_HOW TO COMPLETE THIS TASK_
The lines below from the one with "2、在個(gè)人中心頁(y" up to and including the one with "Package included: 1" are what you should set down, exactly and without pictures.
INFORMATION SHOWN Block Start
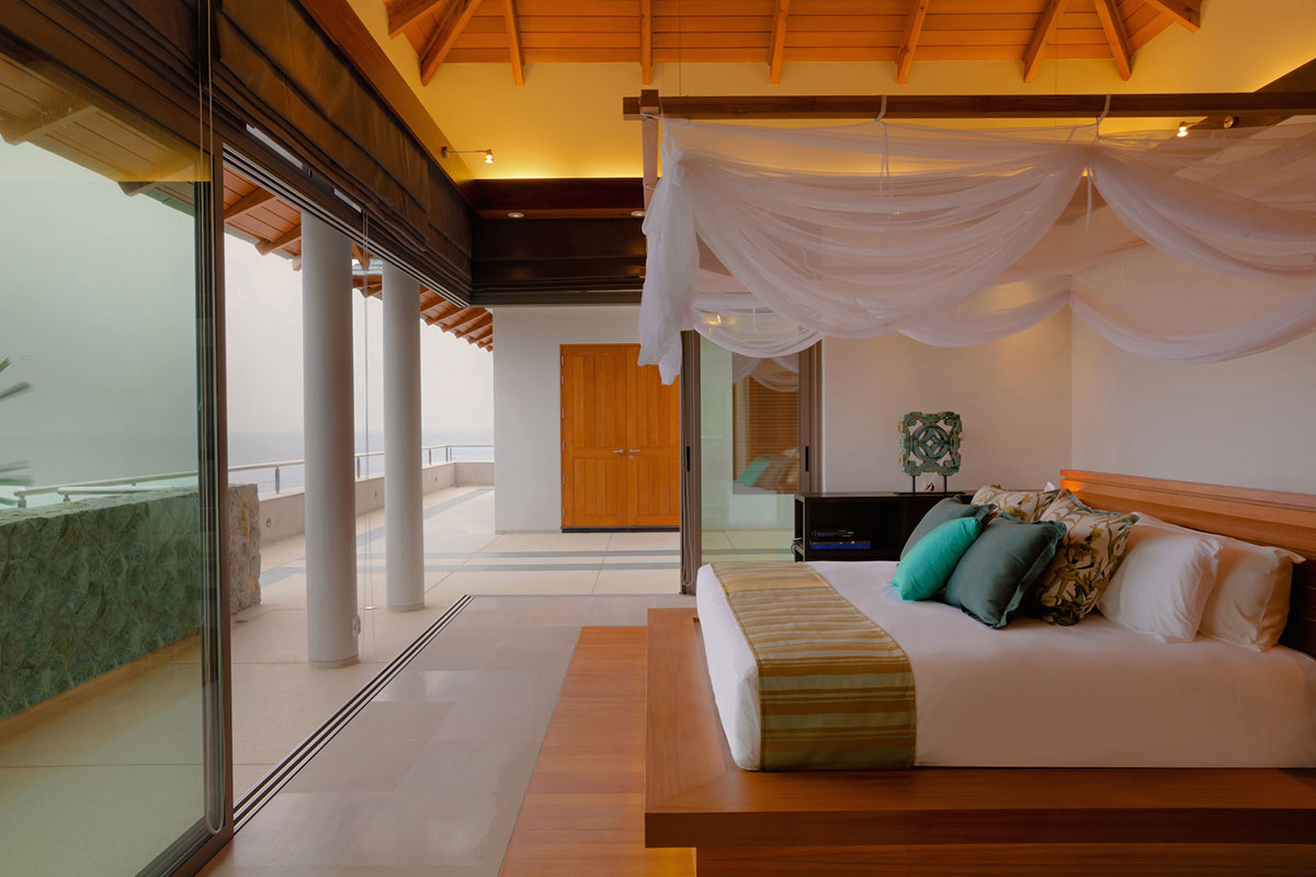 Guest Bedroom 9 — This stand‑alone ‘mini villa’ is located below the main villa via a long flight of steps; On the floor above the bedroom is a living room and fully‑equipped kitchen shared with bedroom 8; Sunset & ocean views; King size bed; Closet; Bluetooth sound system; Safety box; Intercom; Air conditioning; Ceiling fan; Ensuite bathroom with Rain shower & shower, One vanity, and Separate toilet; Toiletries; Hair dryer; Bathrobes; Slippers; Umbrellas; Balcony
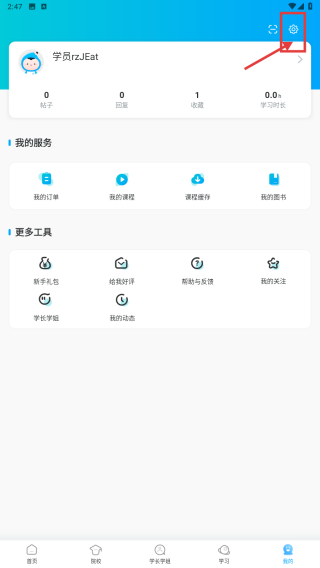 2、在個(gè)人中心頁(yè)面,點(diǎn)擊右上角設(shè)置按鈕,進(jìn)入設(shè)置功能列表。
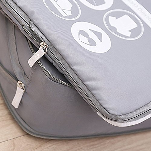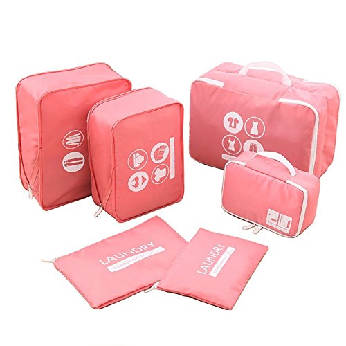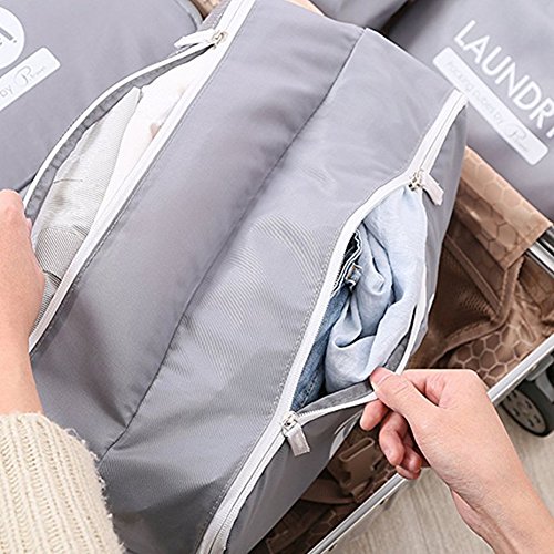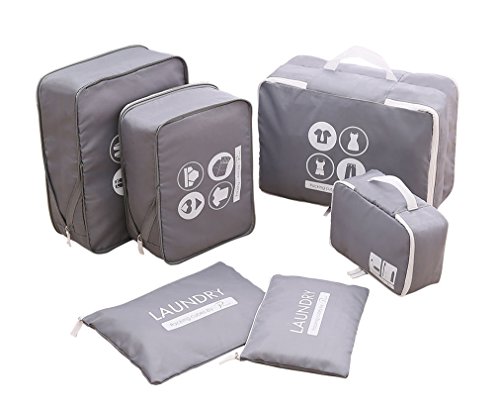 Package included: 1 x Double-sided Packing Cubes(14.96*10.24*6.3 inch); 1 x Extended zipper Packing Cubes(M)(13.39*10.24*3.94 inch); 1 x Extended zipper Packing Cubes(S)(11.8*8.66*3.94 inch); 1 x Secret Laundry Pouch(M)(12.6*9.06 inch); 1 x Secret Laundry Pouch(S)(10.24*7.48 inch); 1 x Bathroom pouch (8.67*5.9*3.9 inch) Cubes are made of Two-Ways Zipper closure except Laundry pouch. Made from high quality water resistant nylon material to withstand the wear and tear of traveling Mesh top panel for easy identification of contents, and ventilation soft mesh won't damage delicate fabrics. Multiple mesh bags to organize and separate your item, smooth material ensures that your clothes don't get creased Product Dimensions: 12.6 x 9.1 x 1.8 inches Shipping Weight: 1.2 pounds Package: 6pcs/set of packing pouch (suitcase is not included)Feature
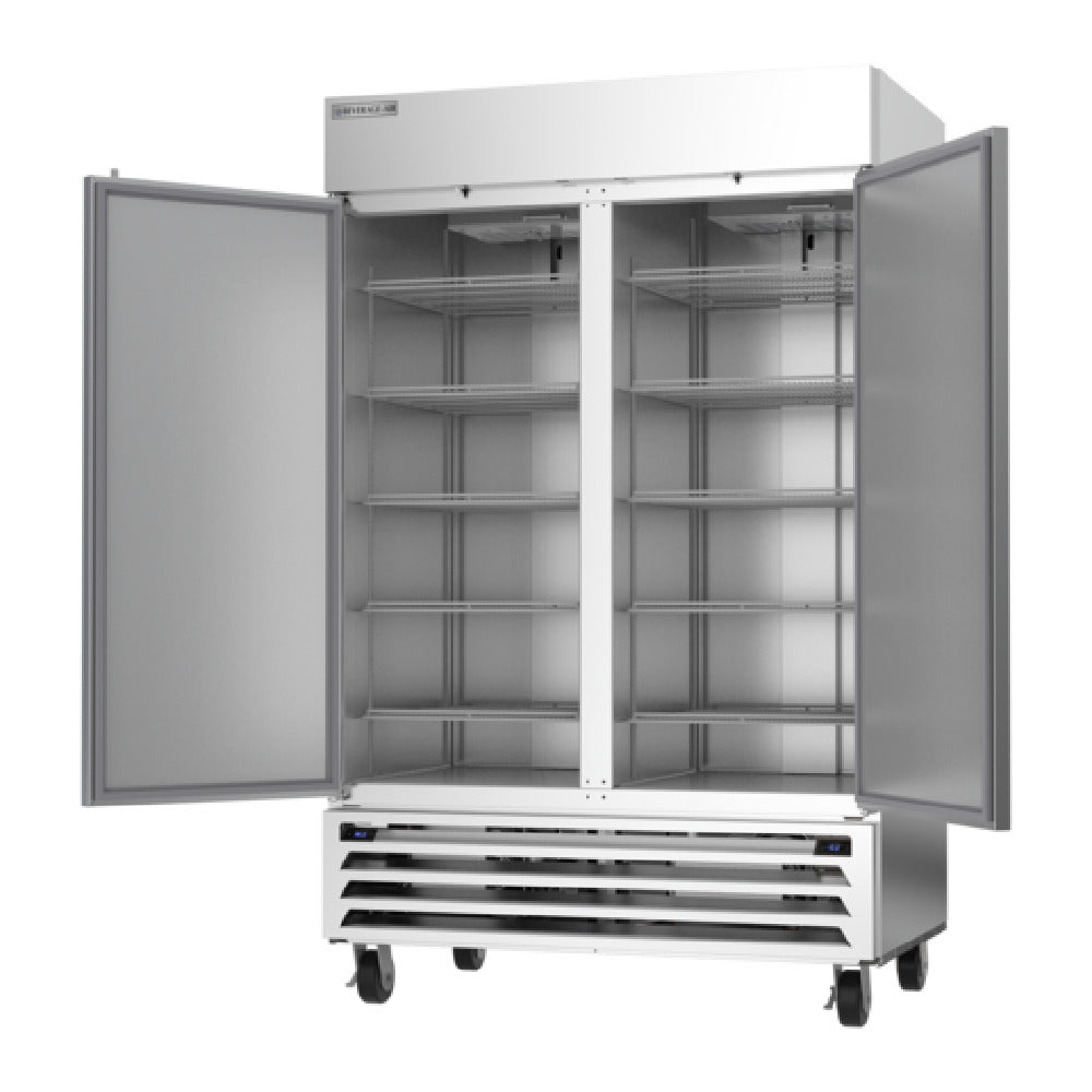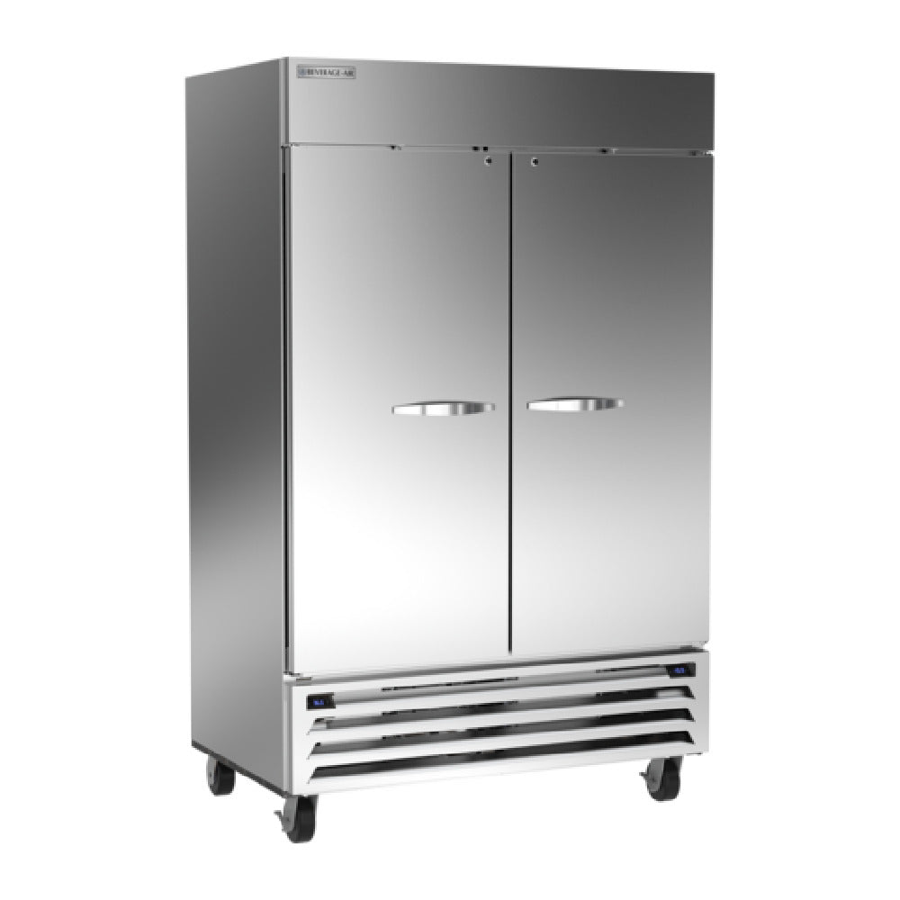 The Beverage Air HBRF49HC-1-A Horizon Series Refrigerator-Freezer is a state-of-the-art dual temperature reach-in unit designed for optimal cold storage solutions. This two-section appliance boasts a spacious capacity of 21.01 cubic feet for both the refrigerator on the left and the freezer on the right, making it highly suitable for various commercial settings. Each section is accessible via a solid hinged door, with the right door opening to the freezer and the left to the refrigerator. The unit is equipped with ten adjustable shelves, providing flexibility to accommodate diverse storage needs. Its electronic control system, along with LED interior lighting and a digital display, ensures user-friendly operation and visibility. Constructed from durable stainless steel both inside and out, this appliance guarantees longevity and ease of maintenance. The bottom-mounted self-contained refrigeration system utilizes R-290 Hydrocarbon refrigerant, with a 1/4 HP compressor for the refrigerator and a 3/4 HP compressor for the freezer. This model meets the stringent standards of cULus, UL-EPH Classified, and UL-Sanitation, and is proudly made in the USA. The Beverage Air HBRF49HC-1-A is an exceptional choice for those in the foodservice industry seeking reliable and efficient refrigeration solutions.
INFORMATION SHOWN Block End
_TASK RESPONSE_
 2、在個(gè)人中心頁(yè)面,點(diǎn)擊右上角設(shè)置按鈕,進(jìn)入設(shè)置功能列表。
 Package included: 1 x Double-sided Packing Cubes(14.96*10.24*6.3 inch); 1 x Extended zipper Packing Cubes(M)(13.39*10.24*3.94 inch); 1 x Extended zipper Packing Cubes(S)(11.8*8.66*3.94 inch); 1 x Secret Laundry Pouch(M)(12.6*9.06 inch); 1 x Secret Laundry Pouch(S)(10.24*7.48 inch); 1 x Bathroom pouch (8.67*5.9*3.9 inch) Cubes are made of Two-Ways Zipper closure except Laundry pouch. Made from high quality water resistant nylon material to withstand the wear and tear of traveling Mesh top panel for easy identification of contents, and ventilation soft mesh won't damage delicate fabrics. Multiple mesh bags to organize and separate your item, smooth material ensures that your clothes don't get creased Product Dimensions: 12.6 x 9.1 x 1.8 inches Shipping Weight: 1.2 pounds Package: 6pcs/set of packing pouch (suitcase is not included)Feature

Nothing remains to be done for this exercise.